El mito dice: “Las buenas parejas no discuten”. Es increíble que la evolución del concepto de matrimonio en nuestra cultura haya llegado a tamaño despropósito, pues nada hay más alejado de la realidad.

Conflictos Cotidiano

Compartir la vida y las decisiones con otra persona plantea conflictos cotidianos –como el simple hecho de decidir si vamos al cine o nos quedamos en casa– y diferencias de criterios –como de qué manera se gasta el dinero o se educa a los hijos.

Por lo tanto, si somos conscientes de que el conflicto en una convivencia es inevitable, querremos aprender a manejarnos con él para evitar transformar las discusiones en peleas. Porque está claro que lo que daña y deteriora una relación de pareja no es la situación conflictiva en sí, sino el mal manejo que hacemos de ella.

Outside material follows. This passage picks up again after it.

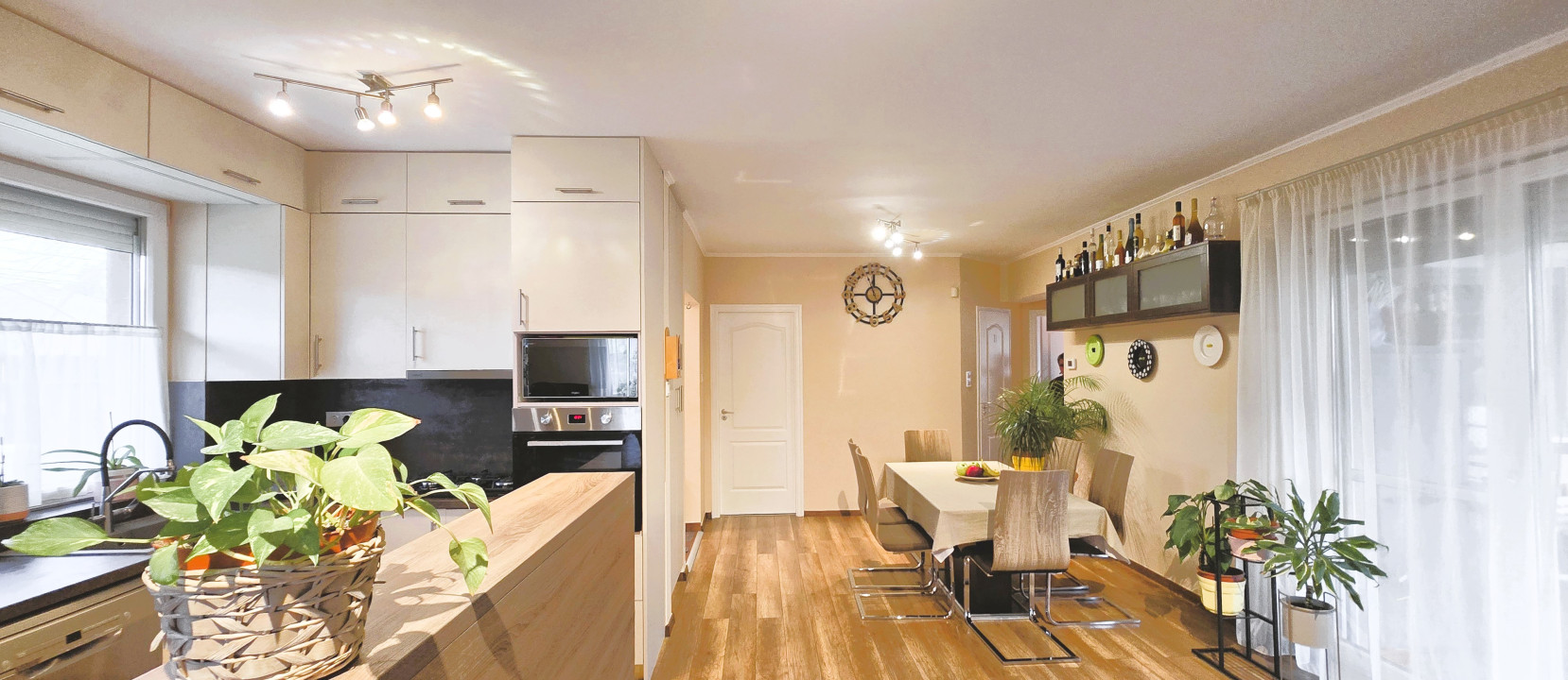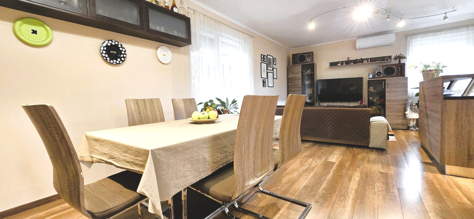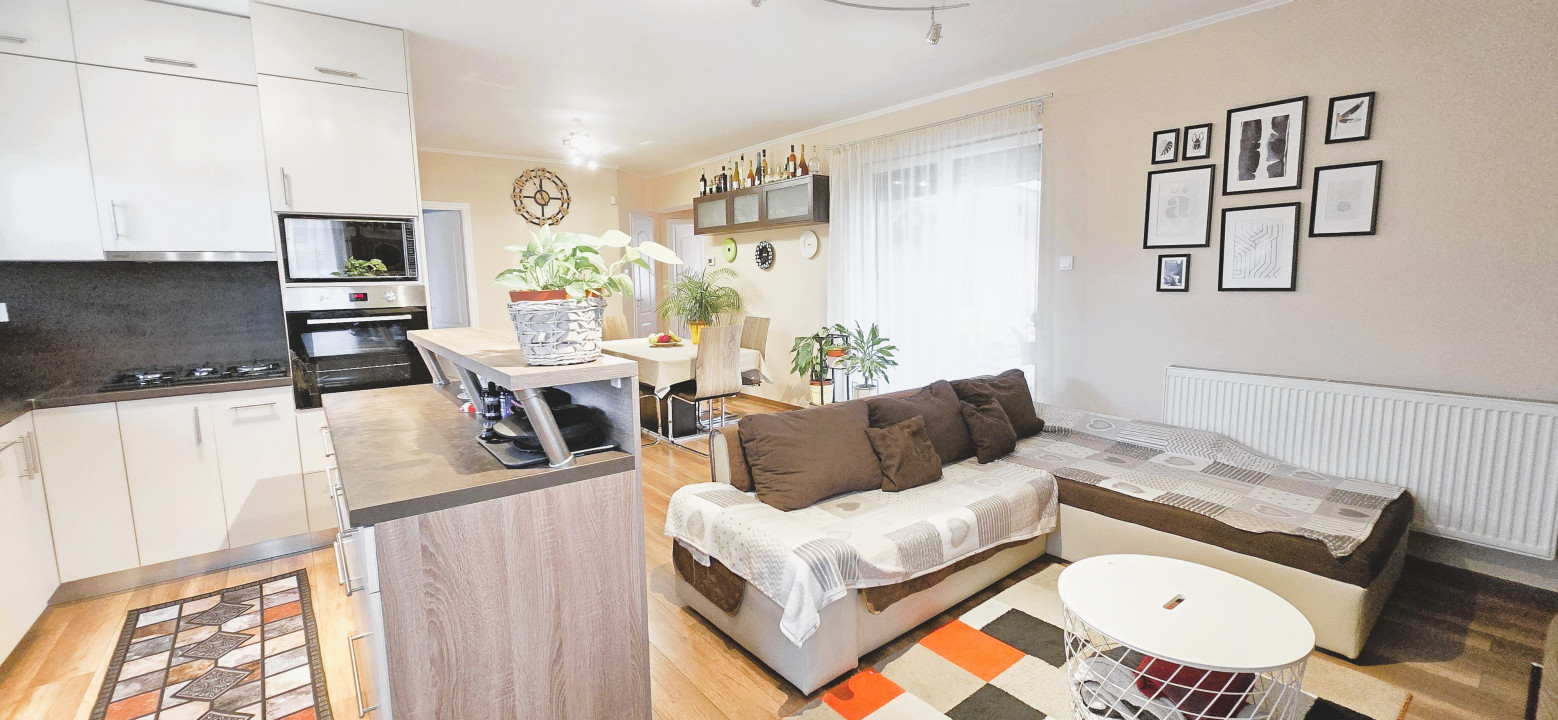 Központi része a háznak a nappali-étkező–konyha ( 38 m2 ), vadonatúj konyhabútorral, mely a vételár részét képezi. Három hálószoba nyílik a közlekedőből (8,1 ; 9,6 és 10,7 m2)
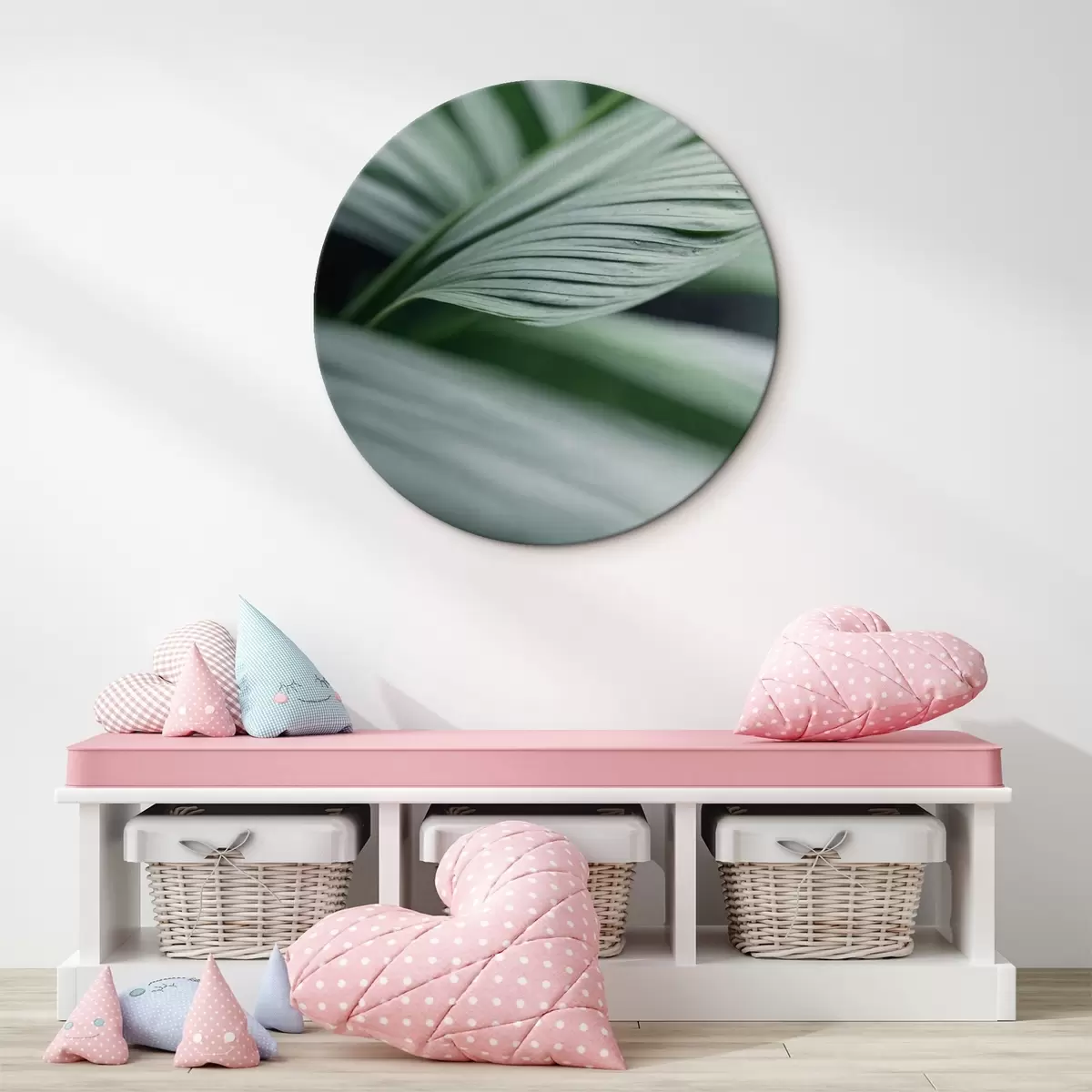 Tableaux rondes Feuilles tropicales avec gouttelettes d'eau dans un environnement brumeux Nr r44903

Discusiones: una cuestión de formas

Cuando discutimos, “las maneras” sí hacen la diferencia. No olvidemos que, con frecuencia, las palabras pueden convertirse en un arma tan destructiva para el otro que provoque que el amor se transforme en rencor, y esta herida termina deteriorando lenta e irremediablemente la relación de pareja.

Muchas veces lo que molesta no es lo que el otro dice, sino cómo lo dice

Las acusaciones del tipo “tú dices”, “tú haces”, “tú eres…” no ayudan en absoluto. Lo mejor es no emitir juicios de valor sobre la otra persona, sino explicarle qué me pasa a mí cuando él se porta de tal o cual manera.

Entonces, la frase ideal sería algo así como: “Cuando tú dices…, yo me siento…” Es más constructivo hablar de lo que me pasa a mí que de lo que hace el otro.

Poner el foco en las soluciones

La otra pauta que debemos tener en cuenta a la hora de discutir es orientarnos siempre hacia la búsqueda de soluciones En muchos casos, pensamos que el juego está en “ganar” o “perder”, “imponerse” o “ceder” y, sin embargo, el criterio debería ser si la solución es más o menos resolutiva. Así, encontraremos salidas originales y eficaces.

Un ejemplo: Marta y Juan se encuentran en una etapa de crisis con frecuentes discusiones. Ese fin de semana llega a la ciudad la madre de Juan. Marta puede optar por continuar enfadada con su pareja y permanecer al margen de la visita de su suegra, –con el malestar que esto conlleva–, o bien tomar una postura más reconciliadora en la que, por el bien de la pareja y en un intento de buscar una solución, ella adopte una actitud cordial con ambos. Puede que a Marta no le apetezca hacer esto, pero es una conducta mucho más constructiva, ya que lo contrario sería sumar conflicto al conflicto.

Si queremos construir un vínculo sano y sólido, no hay ganadores ni perdedores. La ganancia o la pérdida tras una discusión es para los dos.

Muchas personas confunden ceder con someterse, cuando ceder ante la pareja, no siempre se hace desde la sumisión. Es más, muchas veces es el mejor síntoma de madurez e inteligencia frente a un problema.